What is being asked:
Your reply should hold every entry below exactly as written and none of the pictures.
--------------------
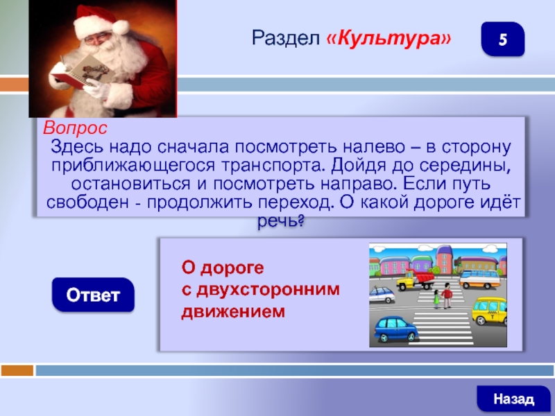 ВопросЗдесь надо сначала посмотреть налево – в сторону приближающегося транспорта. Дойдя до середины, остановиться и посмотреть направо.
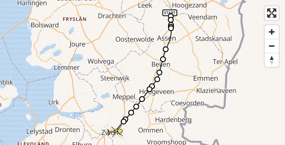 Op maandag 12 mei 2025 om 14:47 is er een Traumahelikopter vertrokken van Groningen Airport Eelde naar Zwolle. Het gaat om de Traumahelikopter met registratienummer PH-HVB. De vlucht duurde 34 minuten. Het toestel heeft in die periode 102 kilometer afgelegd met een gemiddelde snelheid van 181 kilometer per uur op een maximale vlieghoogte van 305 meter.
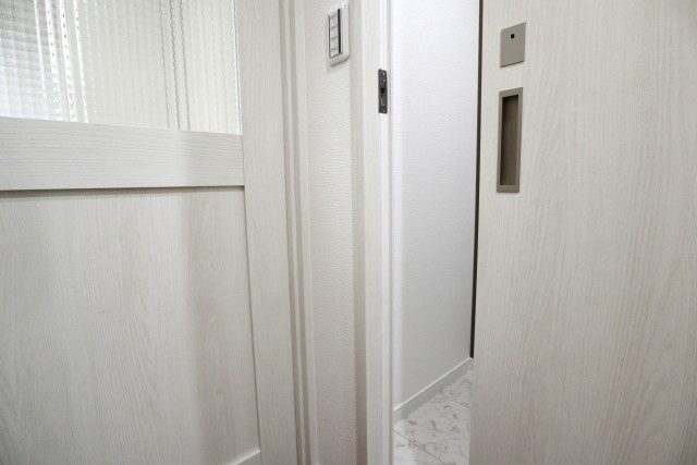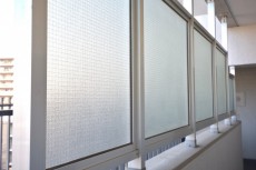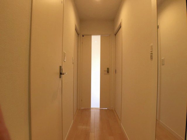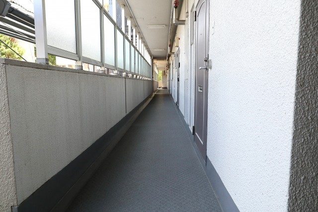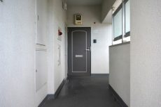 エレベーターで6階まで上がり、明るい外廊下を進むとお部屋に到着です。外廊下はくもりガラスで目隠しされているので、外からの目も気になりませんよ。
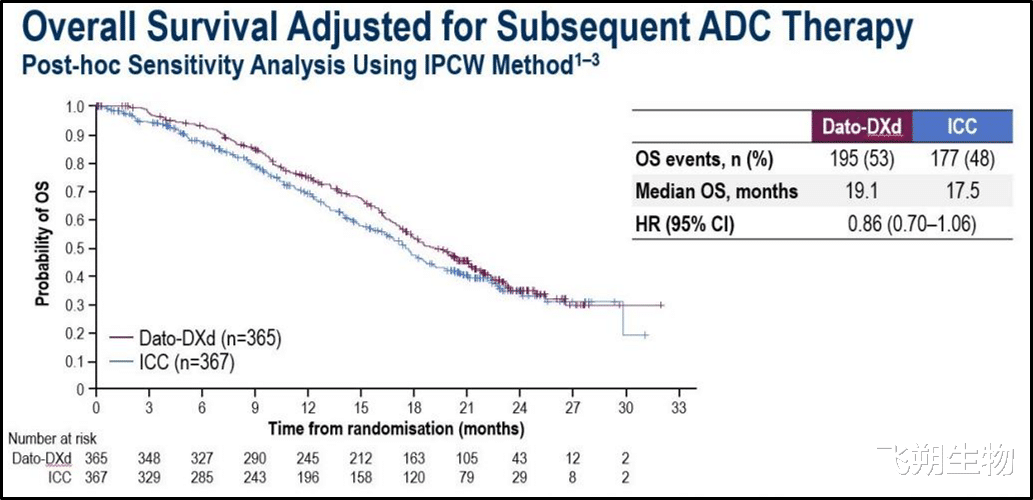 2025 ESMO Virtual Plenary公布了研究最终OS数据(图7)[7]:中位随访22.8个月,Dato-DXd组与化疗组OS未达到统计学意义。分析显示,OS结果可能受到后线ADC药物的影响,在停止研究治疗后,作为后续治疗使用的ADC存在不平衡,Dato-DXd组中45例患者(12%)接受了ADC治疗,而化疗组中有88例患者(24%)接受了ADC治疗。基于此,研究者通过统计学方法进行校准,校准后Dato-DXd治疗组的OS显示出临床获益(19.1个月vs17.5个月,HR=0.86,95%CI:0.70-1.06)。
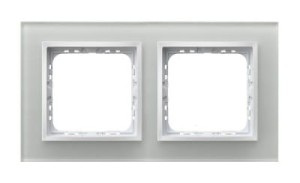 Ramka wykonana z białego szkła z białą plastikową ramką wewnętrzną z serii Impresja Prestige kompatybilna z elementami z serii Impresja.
--------------------
Task answer:
 ВопросЗдесь надо сначала посмотреть налево – в сторону приближающегося транспорта. Дойдя до середины, остановиться и посмотреть направо.
 Op maandag 12 mei 2025 om 14:47 is er een Traumahelikopter vertrokken van Groningen Airport Eelde naar Zwolle. Het gaat om de Traumahelikopter met registratienummer PH-HVB. De vlucht duurde 34 minuten. Het toestel heeft in die periode 102 kilometer afgelegd met een gemiddelde snelheid van 181 kilometer per uur op een maximale vlieghoogte van 305 meter.
 エレベーターで6階まで上がり、明るい外廊下を進むとお部屋に到着です。外廊下はくもりガラスで目隠しされているので、外からの目も気になりませんよ。
 2025 ESMO Virtual Plenary公布了研究最终OS数据(图7)[7]:中位随访22.8个月,Dato-DXd组与化疗组OS未达到统计学意义。分析显示,OS结果可能受到后线ADC药物的影响,在停止研究治疗后,作为后续治疗使用的ADC存在不平衡,Dato-DXd组中45例患者(12%)接受了ADC治疗,而化疗组中有88例患者(24%)接受了ADC治疗。基于此,研究者通过统计学方法进行校准,校准后Dato-DXd治疗组的OS显示出临床获益(19.1个月vs17.5个月,HR=0.86,95%CI:0.70-1.06)。
 Ramka wykonana z białego szkła z białą plastikową ramką wewnętrzną z serii Impresja Prestige kompatybilna z elementami z serii Impresja.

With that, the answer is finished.